Орлиан постарался запрятать всколыхнувшуюся обиду подальше и сел на стул, в ожидании, когда отец продолжит рассказ. Он потихоньку оглядывался в надежде увидеть еще какие-нибудь вещи, принадлежавшие Лесании, но с первого взгляда ничего примечательного не усмотрел. В ближнем углу стоял старинный комод из цельного дуба. На нем небрежно валялось несколько безделушек, но принадлежали они королю.
А тот не торопился начинать рассказ. Арний стал растапливать камин, словно вовсе и не был королем. На дворе стояло лето, здесь, в самом сердце замка, было довольно прохладно. В движениях короля сквозила простота и законченность. Он будто бы со сменой обстановки сбросил все ненужное и наносное, что заставляла носить его жизнь. Арний предстал перед сыном самим собой: просто мужчиной, облеченным властью, но от этого не ставшим менее человечным. У принца возникло ощущение, что он совсем не знает своего отца.
Огонь разгорелся и осветил почти не видимый при тусклом свете свечей красный ковер, и истертые малиновые гобелены, сохранившиеся еще со времен молодости Арния.

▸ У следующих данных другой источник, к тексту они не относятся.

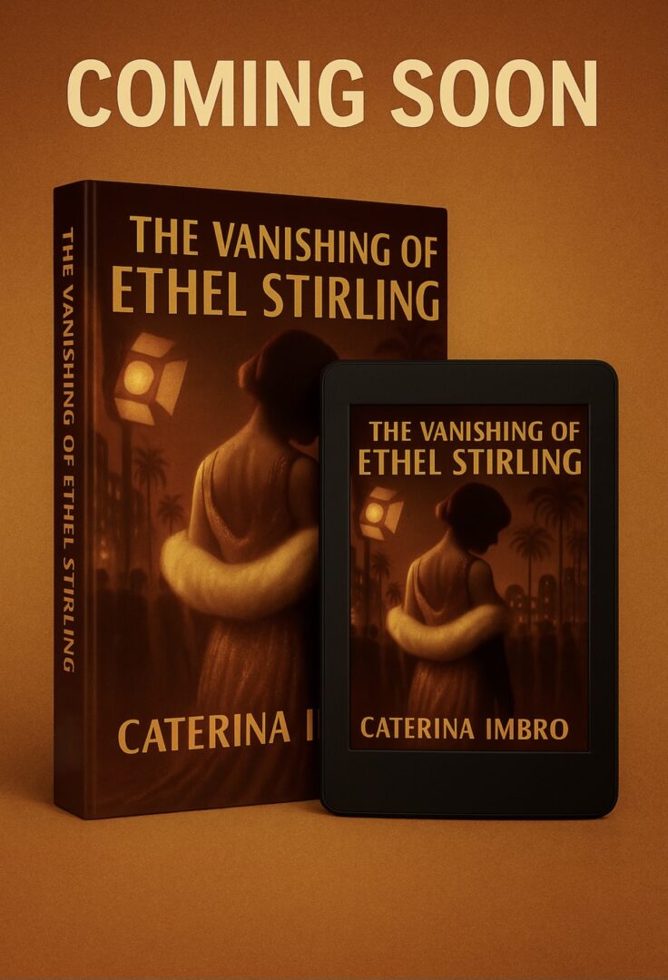 I’m a Sicilian-Australian writer and storyteller, and right now my world is orbiting around my upcoming novel, The Vanishing of Ethel Stirling. It’s a historical fiction mystery set in 1920s Hollywood, unfolding across the chaotic transition from silent reels to talkies. The story follows a brilliant, volatile actress who disappears, told through the people who loved her, used her, and tried to save her.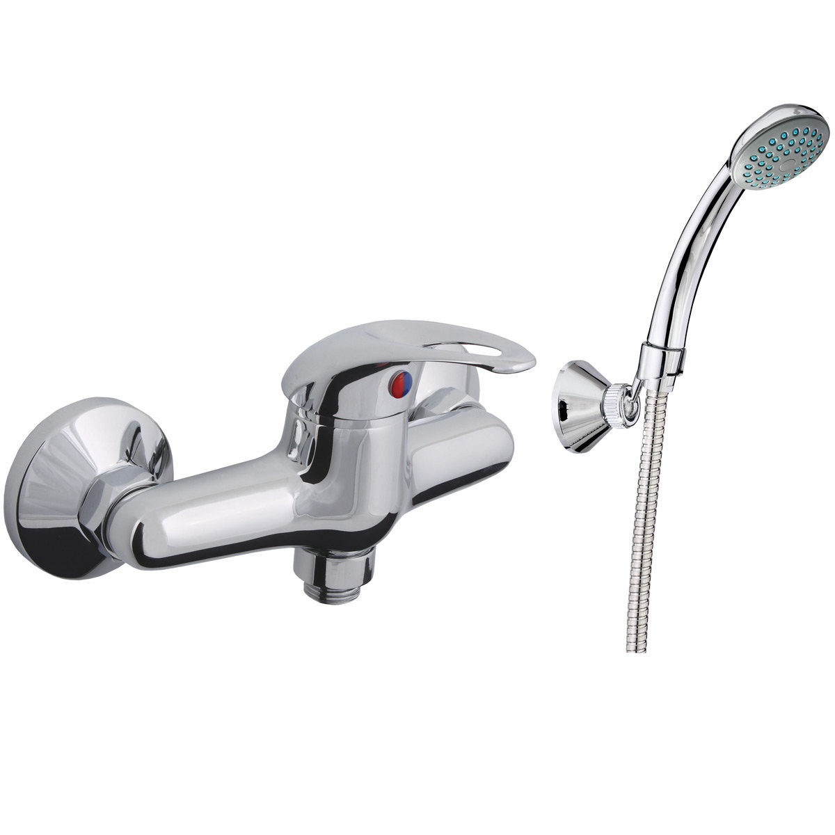 Комплектация: Смеситель, душевой шланг, душевая лейка, держатель лейки, эксцентрики, декоративные чашки.;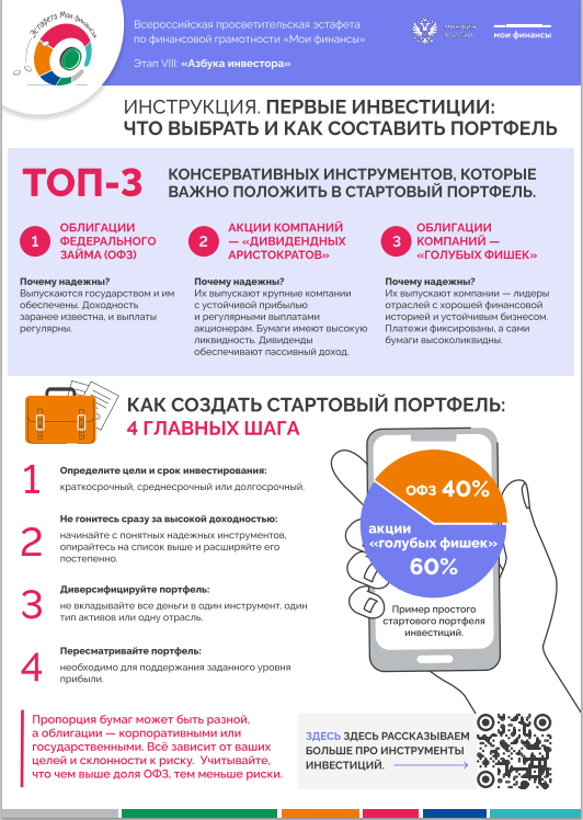 Тема данного этапа: "Азбука инвестора". Предлагаем ознакомиться с инструкцией «Первые инвестиции: как выбрать и как составить портфель».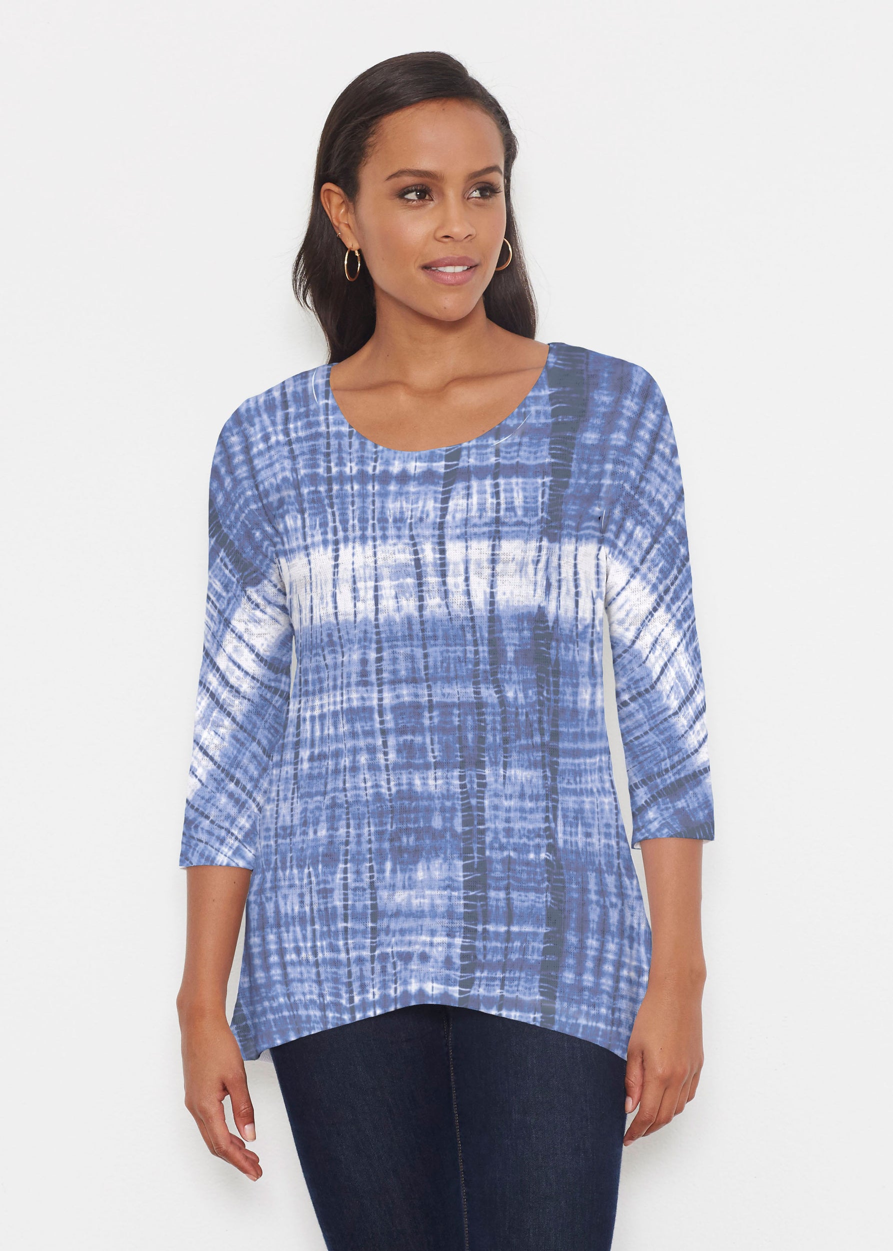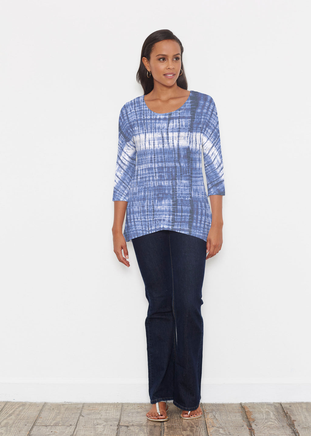 An elegant fit, the hemline falls higher in front then cascades beautifully down across back. Delicate scoop neckline and 3/4 sleeves made in our soft Baby Waffle burnout thermal blend.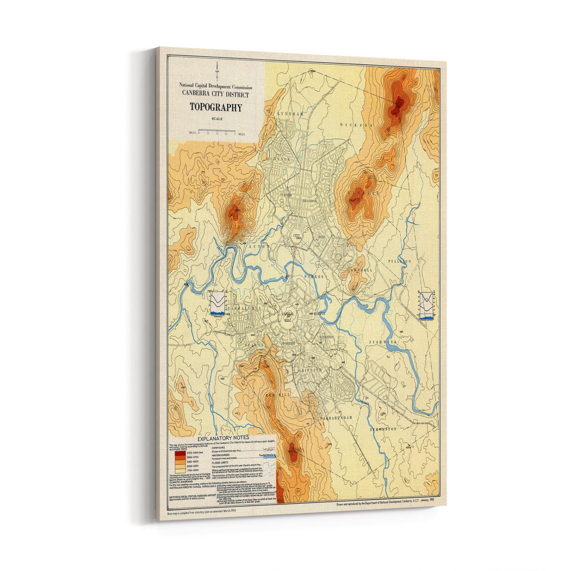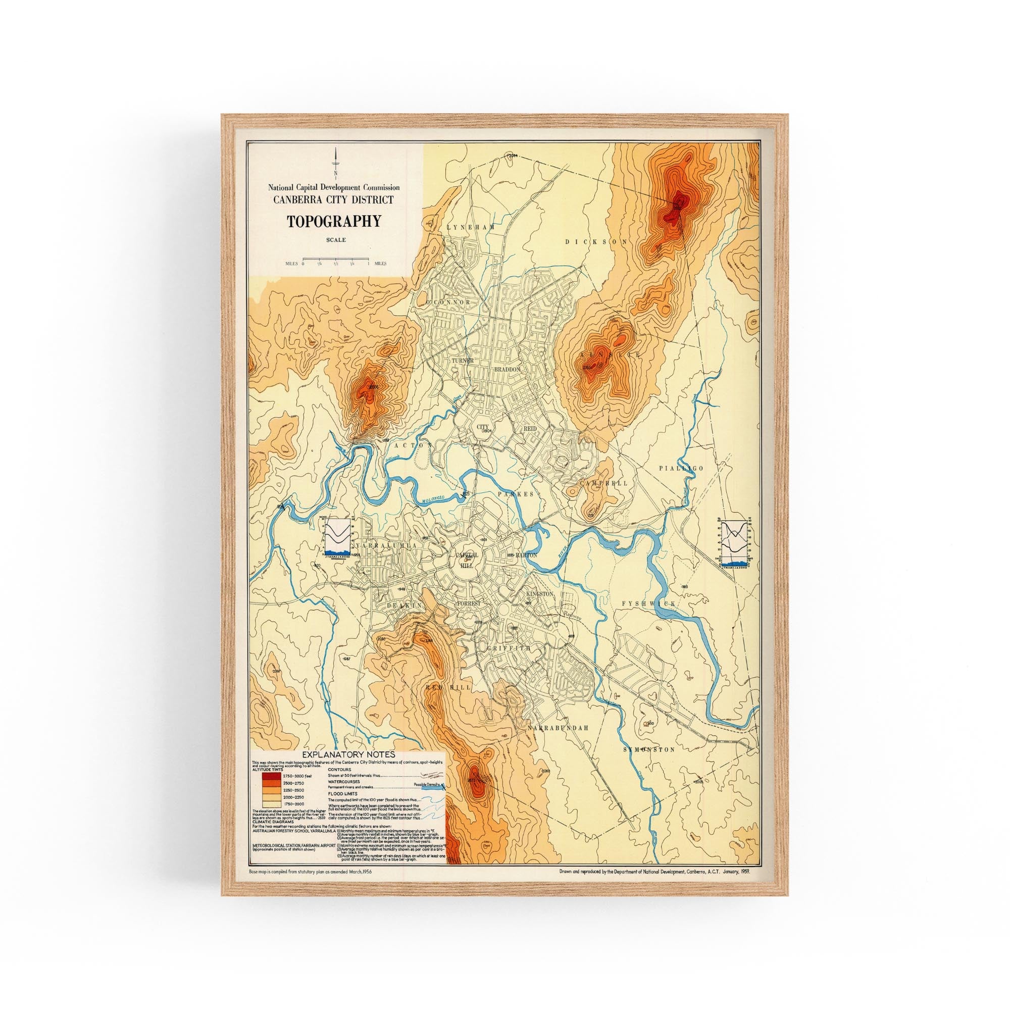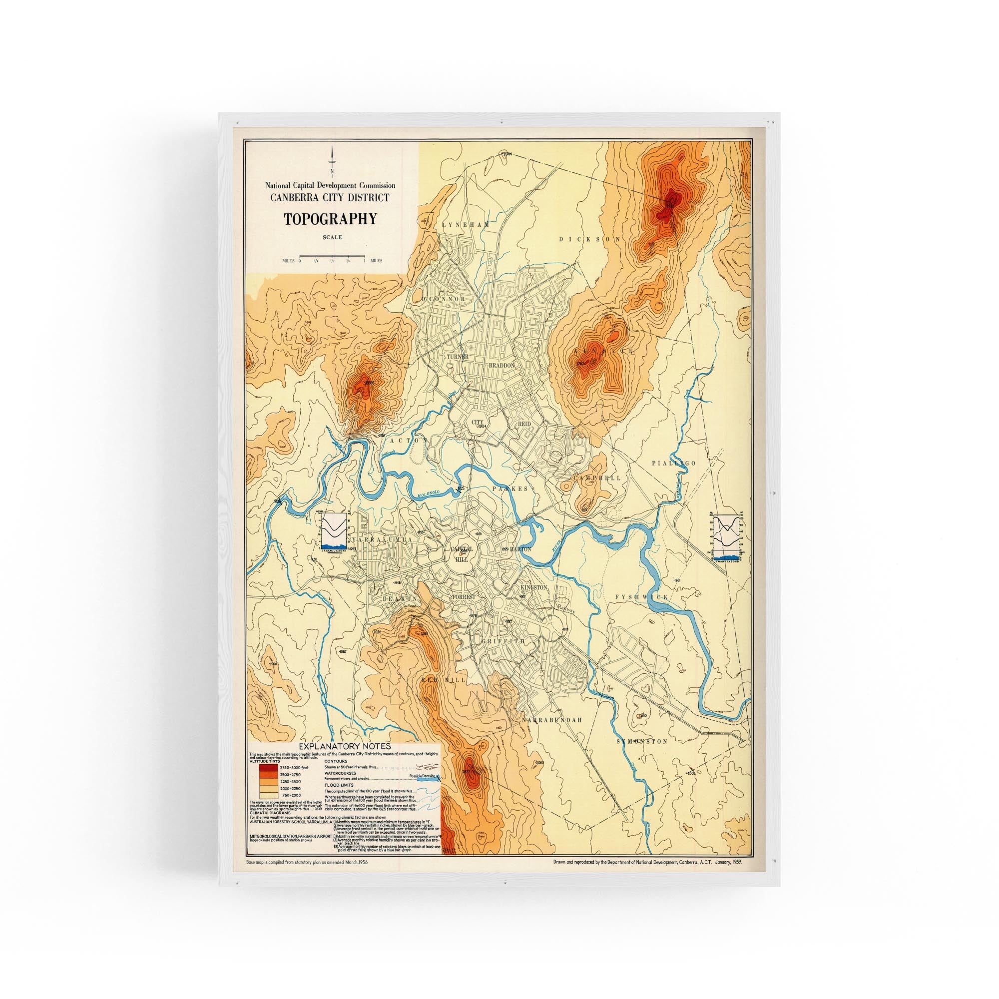 1956 Topographical Map of Canberra City District, Australian Capital Territory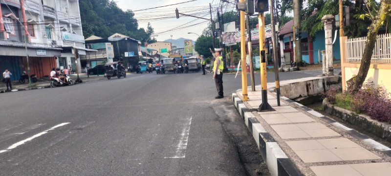 “Personil yang bertugas dari Sat Lantas, Binmas, Reskrim, Intel dan Staf Polres Sibolga, melakukan Pengaturan Arus Lalu Lintas di Persimpangan jalan Prioritas, agar arus lalulintas tetap aman lancar kondusif.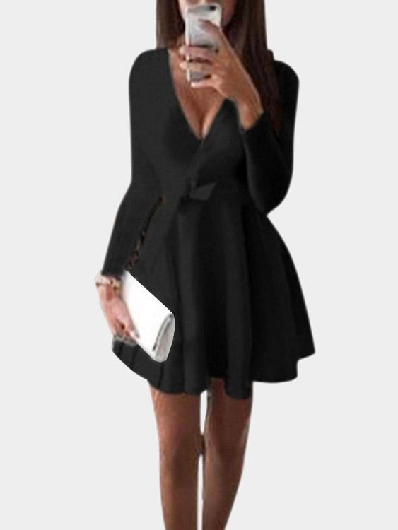 Material:PolyesterNeckline:V-Neck,Deep V NeckSeason:Spring,Autumn,WinterSleeves:Long SleevesPattern:PlainStyle:Sexy Style,Little Black DressWaist Design:Tight WaistHem Design:Ruffle HemLength:MiniFit:Regular Fit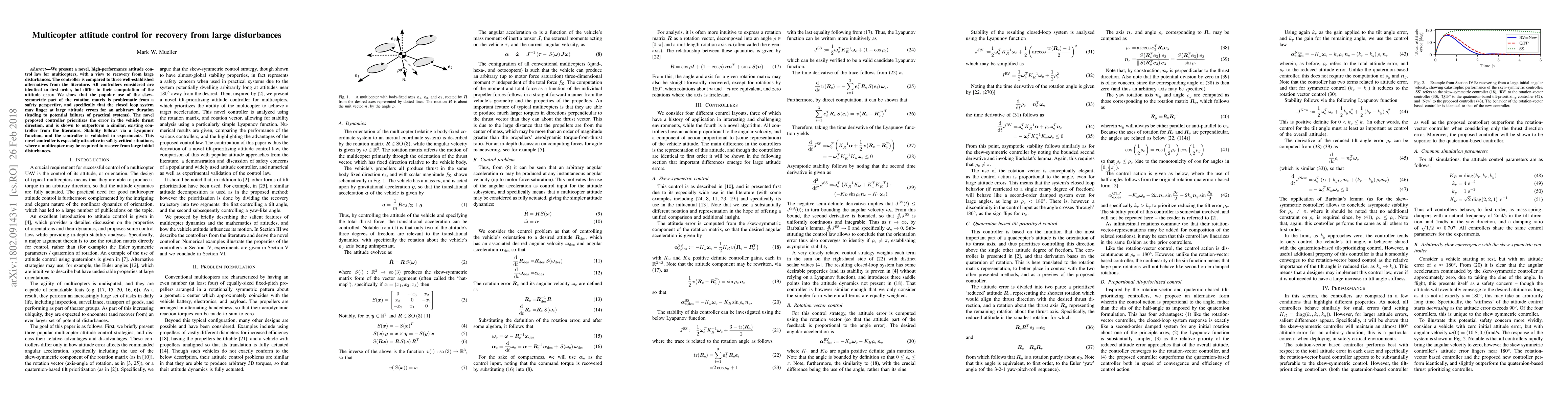 We present a novel, high-performance attitude control law for multicopters, with a view to recovery from large disturbances. The controller is compared to three well-established alternatives from the literature. All controllers considered are identical to first order, but differ in their computation of the attitude error. We show that the popular use of the skew-symmetric part of the rotation matrix is problematic from a safety perspective, and specifically that the closed loop system may linger at large attitude errors for an arbitrary duration (leading to potential failures of practical systems). The novel proposed controller prioritizes the error in the vehicle thrust direction, and is shown to outperform a similar, existing controller from the literature. Stability follows via a Lyapunov function, and the controller is validated in experiments. This novel controller is especially attractive in safety-critical situations, where a multicopter may be required to recover from large initial disturbances.
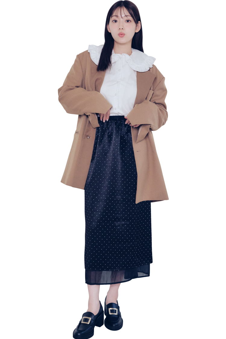 デコラなブラウスに、タイトなスカートがクラシカル。世界観を崩さず、よりキレイめな印象をつくれるジャケットが頼りになる。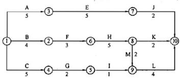 某工程項目合同工期為 18 個月,施工合同簽訂以后,施工單位編制了一份初始進度計劃網絡圖(單位:月)如下:

Его Величество уселся в большое, удобное кресло и продолжил начатый им рассказ. За разжиганием камина он собрался с мыслями, и стал говорить бесстрастно, словно события, о которых он говорил, касались совсем не его.
– Мы были молоды, Орлиан, и безумно любили друг друга. – Арний еще раз глубоко вздохнул. – Но со времени нашей свадьбы прошло несколько лет, а наследник так и не появился. Десятки лекарей осмотрели королеву, и все как один заключили, что она не способна к деторождению. Королевский совет настаивал на нашем разводе. «Королева бесплодна! Династия прервется!» – кричали они. Я же не мог решиться на такой шаг – я любил твою мать и не хотел с ней расставаться. Редкий дар для короля жениться по любви. Если честно, я больше таких примеров не встречал… Я сопротивлялся, как мог. Говорил, что они сами, вместе с отцом выбрали для меня невесту. Что они хотели, чтобы она была из знатного королевского рода и принесла короне богатое приданое…
Я сейчас вспоминаю, с каким равнодушием ждал собственной свадьбы. Что я знал о ней? Третья дочь гитанского короля… Золотой рудник шел к ней в довесок… Я никогда ее не видел…
Но все изменилось, когда это миниатюрное создание с весенней улыбкой и небесными глазами предстало передо мной. Она улыбалась смело и открыто, хотя каждому было понятно, как ей страшно. Лесания первая распахнула свое сердце для меня, как бы приглашая прожить нашу совместную жизнь с любовью и радостью…
Она сама уговаривала меня развестись. Предлагала сделаться моей наложницей, а будущую королеву использовать один раз – для продолжения рода. Лесания ужасно переживала, но старалась не показывать вида. Весь двор был наслышан о перипетиях нашей семейной жизни. Да что там двор! Соседние государства тоже не остались в стороне. Ведь каждому королю или императору хотелось породниться с Милдентами. Да они и сейчас хотят…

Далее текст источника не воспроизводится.